Mueller, Muller and Jerome modeled this camp after the EXCEL Hockey Academy, setting it up with an on-ice session and off-ice session in the morning before lunch; another on-ice session and off-ice session before dinner; and then a game at night.

Sweden is one of the best countries in the world when it comes to ice hockey, so the skill level and competition is high. But their youth hockey culture isn’t quite as demanding compared to the Penguins’ approach, as their philosophy revolves around pushing athletes out of their comfort zone to maximize their potential.

“It was awesome because they really appreciated the coaching,” Mueller said. “Just that level of intensity, they’re craving for that kind of stuff. From a skill set perspective, they’re really, really high end. But playing with pace and playing that North American style, they don’t have that sense of urgency because the Olympic ice is so much bigger. So we were able to kind of shrink the ice a little bit and create that intense small ice field where you have to move the puck a lot quicker.

“They liked that strictness, and they liked the purpose of the training and the purpose of the off-ice training. They never experienced that aspect of it.”

It obviously didn’t have the same educational aspect as the EXCEL Hockey Academy, but the Penguins staff did work in some seminars about different North American options that the campers weren’t familiar with – which has already helped start one camper on a new path .

“One guy signed up with Pittsburgh and he’s moving over in August,” Adler said. “He’s an ’07, and he’s going over to Pittsburgh to play for the EXCEL Hockey Academy.”

Meanwhile, Adler handled all of the logistics. The camp was held at Malmö Arena in southern Sweden, a new complex that is home to the Malmö Redhawks of the Swedish Hockey League, the country’s top professional league. There is a main rink, a training rink (which the camp used), a restaurant and a hotel all in the same building, which perfectly suited the camp’s purposes. Once all of that was figured out, before they knew it, all of the spots had been snapped up.

“We thought we were gonna have to fight to fill all the spots, but we filled it up in a month and a half,” Adler said. “And we only did Facebook advertising. The total sum of our advertising was about $1,000, and we filled up 180 spots, with the rest of the kids coming from (PP Hockey). And what’s really cool is there’s so many hockey camps in Sweden . Every city, every week, there’s summer camps everywhere, and we still managed to get almost 200 players to come.”

It’s a powerful example of the reach that the Penguins have.
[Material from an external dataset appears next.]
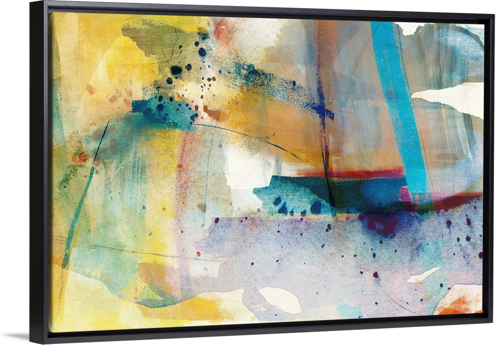 <p>Splashes and splatters of paint make up this abstract piece of artwork.</p>

While the kids were given Penguins apparel, many of them already possessed some, with Adler saying “you see every third or fourth kid with an NHL cap, and it’s Pittsburgh.” That was especially impressive to him considering that historically, the Penguins have never had superstar players from Sweden.
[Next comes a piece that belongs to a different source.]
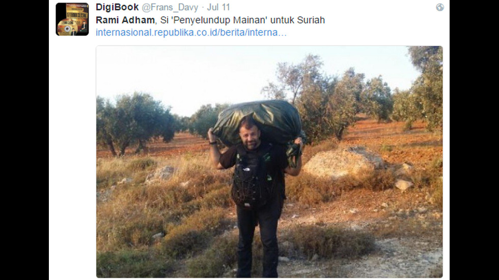 ГАЛЕРИИ Мюсюлманският Дядо Коледа раздава играчки на децата в Сирия Снимки: Twitter 8 / 9 Мюсюлманският Дядо Коледа раздава играчки на децата в Сирия 28 септември 2016 09:54 Снимки: Twitter Tweet Още галерии България се сбогува с легендарния Борислав Михайлов Морето изхвърли крило на боен дрон на плаж в Бургаско Автобус помете патрулки на паркинга пред районното в Горна Оряховица Пътнически влак дерайлира в Старозагорско Рекордно количество прах от Сахара и кални дъждове парализираха остров Крит Седми лайв на "Като две капки вода" - Сезона-Слънце Най-популярните България се сбогува с легендарния Борислав Михайлов Пътнически влак дерайлира в Старозагорско Автобус помете патрулки на паркинга пред районното в Горна Оряховица Рекордно количество прах от Сахара и кални дъждове парализираха остров Крит Морето изхвърли крило на боен дрон на плаж в Бургаско

“But they all came and they had their sweatshirts and their hats and their favorite players, like Crosby and (Evgeni) Malkin,” Mueller said. “There was very big support of the Penguins.”

And with the camp, they were able to show the power of the Penguins brand, and how the organization operates at such a high level in every facet – including youth hockey. No other NHL team has the type of dedicated full-time staff and detailed curriculum for their camps and programs that Pittsburgh does, and the campers in Sweden were grateful for a chance to experience that.

“We’re used to high standards and we’re used to good training, and this was a little bit better than everybody was used to,” Adler said. “So everybody was just extremely happy and surprised with the high level of everything.”

Moving forward, both sides hope to take this partnership to another level by not only holding another summer session, but setting up a Penguins Europe youth hockey team. It will consist of players from Europe that will play tournaments both on their home soil and in Pittsburgh.

“I already have a lot of people who went to the camp and loved it, and they keep asking, what is happening now, what are you gonna do next? Next year, are you setting up a team?” Adler said with a laugh. “It’s a little bit more than I thought when we were first checking out the summer camp in Pittsburgh.”